6.1 Concepts of Modeling

Tornado photo by Nikolas Noonan on Unsplash Tornado photo by Nikolas Noonan on Unsplash

Introduction

Every spring, hundreds of people come to the Great Plains region of the United States in an attempt to get as close as possible to one of nature's most violent events: a tornado. While some go to "Tornado Alley" just for the thrill, most professional storm chasers have a different goal. What they want is data: scientific measurements that can only be found inside real tornadoes.

Scientists and university researchers, like those at NOAA's National Severe Storms Laboratory, hope to use that data to create mathematical models that will help them understand the inner workings of tornadoes and how they form.

The Modeling Process

When we speak of creating a mathematical model, what exactly are we talking about?

A model is simplified representation of a real world object. Mathematical models are found in nearly every field of study and are useful when it is not feasible, economical, practical, or safe to work with the real item.

To construct a model, we begin with a set of data points and a description of the scenario and then try to find an equation of a function that closely aligns with our observations and what we know about the situation.

Once a model has been created, we can use the rules of mathematics to discover things about its mathematical behavior. The insights gained from these analyses can, in turn, be used to make predictions and gain understanding about how the real-world object might behave.

Through continued observations and adjustments, the model can be refined to more accurately represent the real-world phenomenon it is intended to simulate.

While our models will never be perfect, there is a good chance that they might be accurate enough to be genuinely useful. Renowned physicist Eugene Wigner referred to the predictive nature of mathematics, especially in the natural sciences, as the "unreasonable effectiveness of mathematics." This theme will be prevalent throughout this chapter.

Scatterplots

Many physical laws, like the law of gravity, were discovered by gathering data and looking for patterns. One of our primary tools for visualizing data is the scatterplot. A scatterplot is nothing more than pairs of data plotted as points on a grid.

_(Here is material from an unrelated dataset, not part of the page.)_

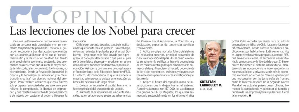Rara vez un Premio Nobel de Economía ha recaído en personas más apropiadas y en un momento tan pertinente para Chile. Este año, el galardón reconoció a tres destacados economistas por sus aportes al ilustrar el rol que el “conocimiento útil» y la «destrucción creativa» han tenido en el crecimiento económico sostenido. Los premiados nos recuerdan que, durante la mayor parte de la historia, el estancamiento fue la norma, no el crecimiento. Desde la Revolución Industrial, la ciencia y la tecnología, la innovación y la «destrucción creativa” han sido los motores del progreso. Pero también advierten que esas fuerzas solo prosperan en sociedades que valoran el pluralismo, la competencia, la libertad de emprender, y que resisten los intentos de grupos políticos y de interés por capturar el poder o bloquear la innovación.

For instance, researchers from Purdue University analyzed 1285 tornadoes in Indiana from 1950 to 2012. See the paper by Olivia Kellner and Dev Niyogi in the American Meteorological Society's Earth Interactions journal, volume 18 no. 10 (2014). One set of data compared the number of tornadoes observed at different hours of the day. The scatterplot below illustrates this data.

The scatterplot reveals a distinct pattern, suggesting that most tornadoes form late in the afternoon. This is a well-known result that follows from the fact that, by mid-afternoon, the sun has sufficiently heated the ground and atmosphere enough to produce thunderstorms.

Notice that there is a subtle but important difference between the data (black dots) and the model (the red curve). The model allows us to make predictions for values that were not recorded. For instance, no data point corresponds to 10:15am, but using the model we can say the number is likely to be around 20 tornadoes.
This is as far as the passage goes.